I am now designing this, the PRR K4 3768
I will keep you updated!


----------



## astack (Apr 22, 2018)

Wow! Really impressive! It seems like one could do all sorts of locomotives that way. If you don’t mind me asking, what did you use to smooth the roughness out the 3D-printed body? If sand paper, it must have been labor intensive!


----------



## Rail_Master4501 (10 mo ago)

Looking Good! I wish I had a 3D printer.


----------



## jerrybaffetto (Nov 25, 2014)

thank you all for your comments
3d printing requires, not only good design, but especially good post finishing skills
putty, glass paper, spray putty paints to fill the layers and keep sanding but in the end the piece comes out very well
for those interested I can provide the printed and painted parts, the Aristocraft frame must be provided by you


----------



## jerrybaffetto (Nov 25, 2014)

please, could some kind friends please help me figure out what is the exact color of PRR K4 3768?
thank you very much in advance!


----------



## MGates (Mar 16, 2016)

jerrybaffetto said:


> please, could some kind friends please help me figure out what is the exact color of PRR K4 3768?
> thank you very much in advance!


#3768 was painted initially with what is reported to be a "bronze"-like color, and later on before the New York World's Fair in 1939-40 it was repainted in PRRs' standard Dark Green Locomotive Enamel. We know what DGLE looks like (check out the Bowande G5s in person for the best representation we have in Gauge 1 of the correct behavior of DGLE in direct sunlight), the "Bronze" is another story as it is not a standard PRR color and perhaps a one-off test for a special locomotive. I saw online the color described as Tuscan Red with a hint of yellow and gold flake.

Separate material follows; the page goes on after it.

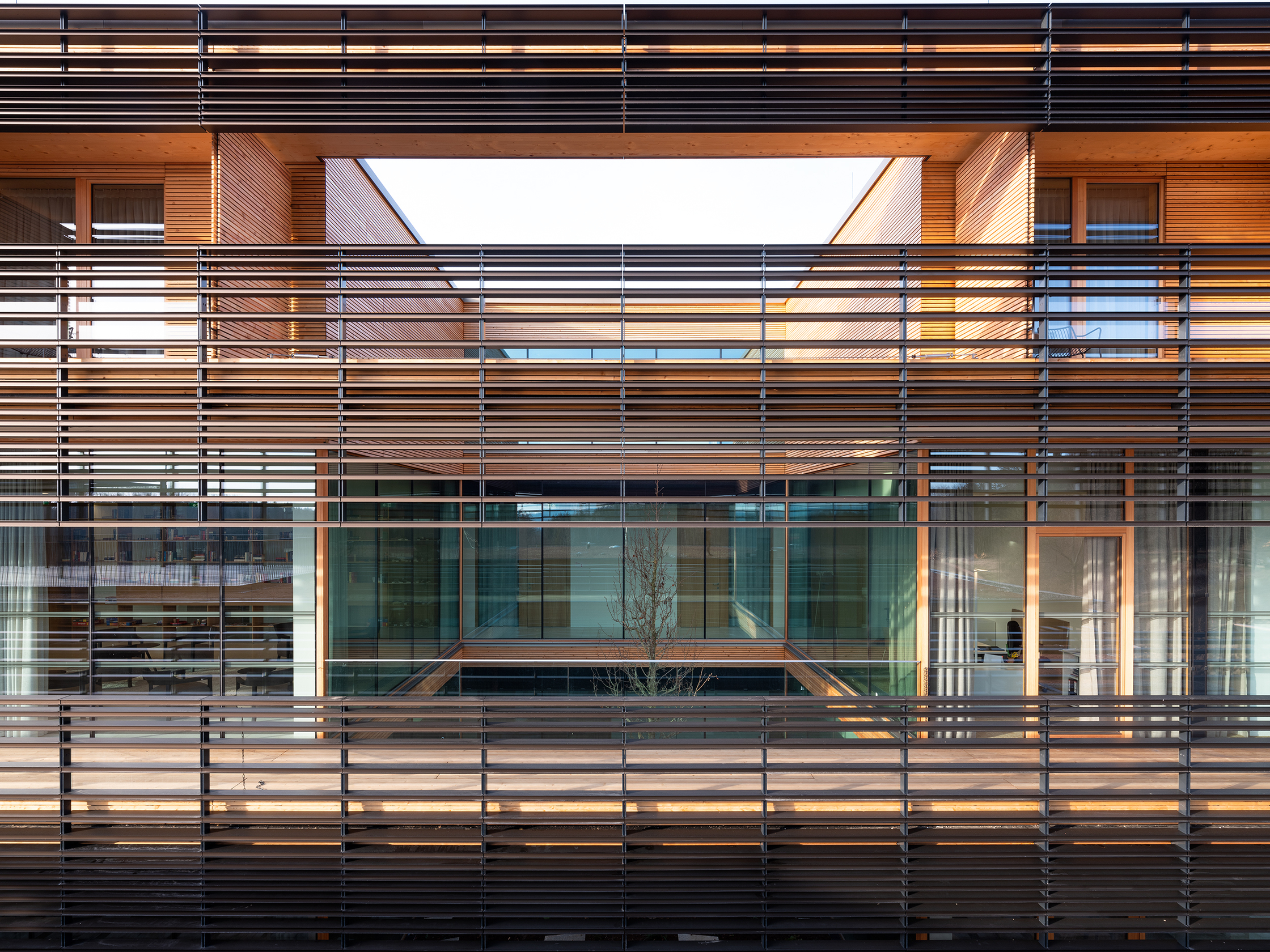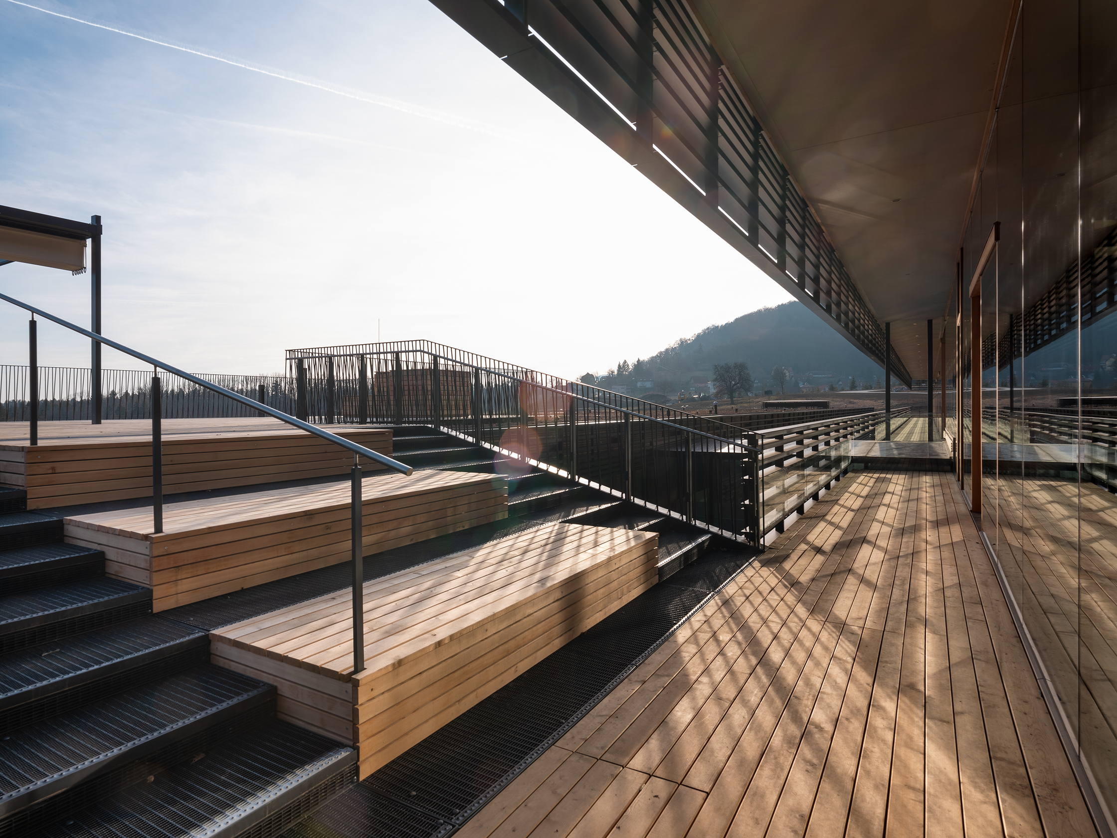 Um seinen ökologischen Fußabdruck zu reduzieren, ist das Haus zu einem überwiegenden Teil in Holz konstruiert, in einem Modulsystem der Firma Kaufmann Bausysteme, bei dem selbsttragende Boxen aus Brettsperrholz im Werk gefertigt und an der Baustelle montiert werden. Bis auf den Fernseher und die Vorhänge sind diese stapelbaren Einheiten inklusive der Sanitärbereiche fertig installiert. Serielle Fertigung kann leicht dazu führen, dass die Ergebnisse schematisch und barackenartig aussehen. Der „Josefhof“ ist der Beweis, dass es auch anders geht. Das liegt einerseits daran, dass nicht die gesamte Konstruktion aus präfabrizierten Boxen besteht. Die erdberührenden Bauteile im Hang sind aus Stahlbeton, was größere Stützweiten und unterschiedliche Raumhöhen erlaubt, wie sie für Gymnastik- und Speisesäle benötigt werden. Am spannendsten werden die Räume, wenn sich Konstruktionssysteme überlagern, etwa dort, wo das große Schwimmbecken im untersten Geschoß von einem raumhohen Träger überspannt wird, der die Hotelboxen trägt, aber zugleich ein Oberlicht ermöglicht, durch das Licht von oben auf das Becken fällt. Ein besonders raffiniertes Detail mit einem eigenen Rhythmus sind die Balkonbrüstungen, die aus horizontalen Aluminium-Lamellen gebildet werden und die Beschattung übernehmen: Ihre Breite verhindert direkte Sonneneinstrahlung im Sommer und erlaubt sie im Winter. Auf eine Klimatisierung der Zimmer konnte so verzichtet werden. Allerdings brauchen die Lamellen, um als Absturzsicherung zugelassen zu werden, eine Ergänzung: Damit Kinder die Brüstungen nicht mit einer Leiter zum Hochklettern verwechseln, sind diese zusätzlich mit Glasplatten abgedeckt – was zu einem weiteren Detail führt, einem Mechanismus, mit dem die Gläser zur Reinigung heruntergeklappt werden können. Auch das gehört zu guter Architektur.

So you have two options for a historically accurate #3768, but the "Bronze" will require you to take artistic liberties (as various model companies have done with their #3768 releases) to come up with something you may find acceptable. For some inspiration take a look at some photos of bronze-metallic painted automobiles from the Art Deco era as that may have been what helped to inspire #3768's first paint job.

-Mike


----------



## jerrybaffetto (Nov 25, 2014)

hi Mike
thank you very much for your precise explanation
it will be very useful for me!


----------



## Paul Race (Feb 15, 2008)

Regarding your Lehigh Valley locomotive:


Damn!


----------



## [email protected] (Dec 28, 2018)

Well done!


----------



## tommy98466 (Dec 27, 2007)

Beautiful.


----------



## Scott (Jan 29, 2008)

Nice work mate, that streamlined look is always anattention getter.


----------